Sorry Goldman Sachs, Apple Is A Hardware Company Plain and Simple

Shares of Apple (AAPL) are rising $3 today to $116 after Goldman Sachs added the stock to its “conviction buy list” and raised its price target to $163 per share (from $145). Goldman’s thesis is that Apple is transitioning from a hardware company to a recurring revenue services business, which will allow it to garner a higher earnings multiple on Wall Street (which in turn would lead to meaningful price appreciation). While many of my clients are long Apple stock, I don’t buy this “Apple is really a software company” argument.

If we take a look at the numbers it is hard to argue otherwise. In fiscal 2015 Apple derived 9% of its total revenue from services, with 91% coming from hardware (led by the iPhone at 66% of sales). Okay, so Apple is a hardware company today but maybe the services segment is growing so fast that it will ascend quickly to be a huge part of Apple’s business? In fiscal 2014 services represented 10% of sales. In fiscal 2013 it was 9%. The mix isn’t changing at all.

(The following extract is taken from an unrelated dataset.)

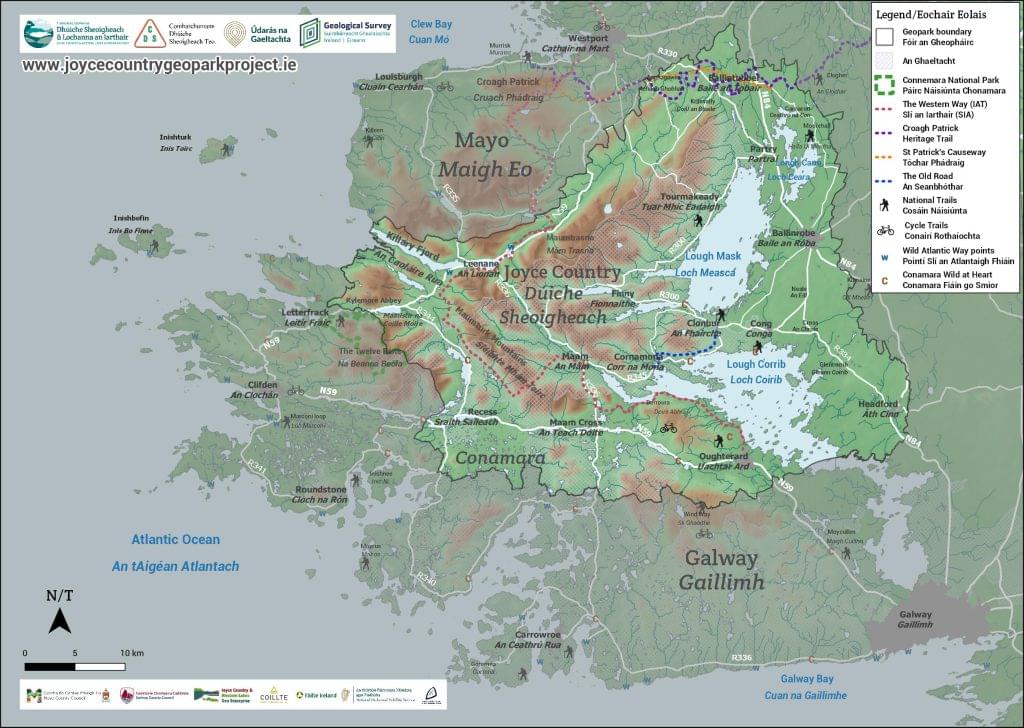 The Western Way is a long-distance walking trail of more than 200 km that passes through Counties Galway and Mayo. The trail begins in Oughterard, Co Galway, and finishes in Bunnycibbellan, Co Mayo. The whole trail has integrated the International Appalachian Trail (IAT) in 2023 (more info 在此) thanks to the Mám Éan Geotrail development by the Geopark and JCWL Geoenterprise, The distances below focus on the section that passes through the aspiring geopark area, from Oughterard to Westport.

So what services business will really start to grow in the future and allow this software thesis to play out? Goldman Sachs, among many others, point to Apple Pay. Apple’s receives a cut of every credit card transaction processed through its Apple Pay iPhone app (the press has reported the rate to be 0.15% but Apple will not confirm this). So if Apple Pay continues to gain market share in credit card processing, will that make a big difference to the company’s financial results? Not at all.

Total U.S. credit card volumes are staggering; more than $2 trillion per year. Let’s be optimistic and say that Apple Pay can grab 25% of all credit card transactions. The result would be about $900 million of Apple Pay service revenue. That sounds like a lot of money until you realize that Apple is booking more than $230 billion of sales annually. An extra $900 million comes to less than one-half of one percent of incremental sales. Even if we model that as 100% profit, it would add just 16 cents to Apple’s annual earnings per share. It’s a rounding error.

The bottom line is that Apple is a hardware company. Could that change in 5-10 years? Perhaps, but it’s not going to happen anytime soon and as a result, investors should not expect the company’s P/E multiple to expand materially. That is not to say the stock won’t perform well, I just don’t think it’s going to trade at or above the valuation of the S&P 500 index, which would be required if the stock is going to see $163 anytime soon.

Full Disclosure: Long shares of Apple at the time of writing but positions may change at any time.

2 thoughts on “Sorry Goldman Sachs, Apple Is A Hardware Company Plain and Simple”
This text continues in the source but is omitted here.